Data records:
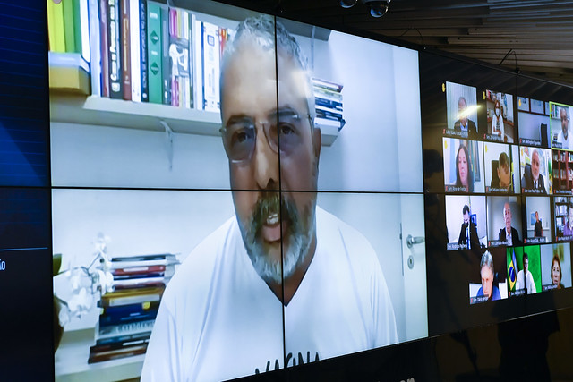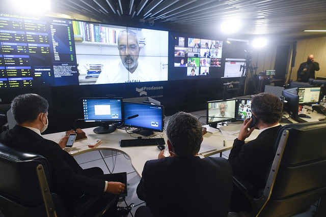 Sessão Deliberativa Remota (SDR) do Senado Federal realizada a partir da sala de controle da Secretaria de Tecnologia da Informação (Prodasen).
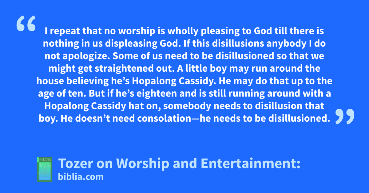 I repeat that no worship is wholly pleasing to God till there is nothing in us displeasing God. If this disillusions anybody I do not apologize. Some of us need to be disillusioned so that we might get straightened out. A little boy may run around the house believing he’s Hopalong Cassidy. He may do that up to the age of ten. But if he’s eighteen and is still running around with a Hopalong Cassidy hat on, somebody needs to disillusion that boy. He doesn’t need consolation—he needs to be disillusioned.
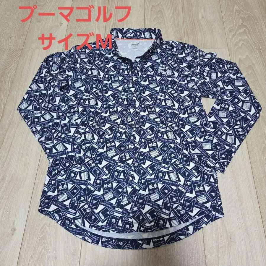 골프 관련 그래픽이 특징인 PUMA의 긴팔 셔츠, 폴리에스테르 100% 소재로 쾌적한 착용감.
--
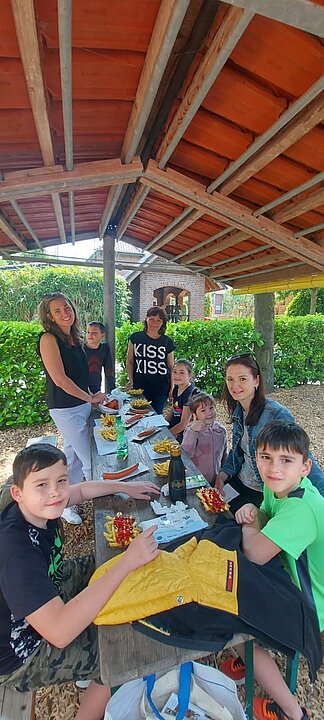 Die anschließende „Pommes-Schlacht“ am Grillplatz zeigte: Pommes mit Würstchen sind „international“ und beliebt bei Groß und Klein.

Action item: Using the listing above, repeat word for word each line from the one with "I repeat that" down to the one with "골프 관련 그래픽이 특징인", both included. Omit all pictures.

Response box:
 I repeat that no worship is wholly pleasing to God till there is nothing in us displeasing God. If this disillusions anybody I do not apologize. Some of us need to be disillusioned so that we might get straightened out. A little boy may run around the house believing he’s Hopalong Cassidy. He may do that up to the age of ten. But if he’s eighteen and is still running around with a Hopalong Cassidy hat on, somebody needs to disillusion that boy. He doesn’t need consolation—he needs to be disillusioned.
 골프 관련 그래픽이 특징인 PUMA의 긴팔 셔츠, 폴리에스테르 100% 소재로 쾌적한 착용감.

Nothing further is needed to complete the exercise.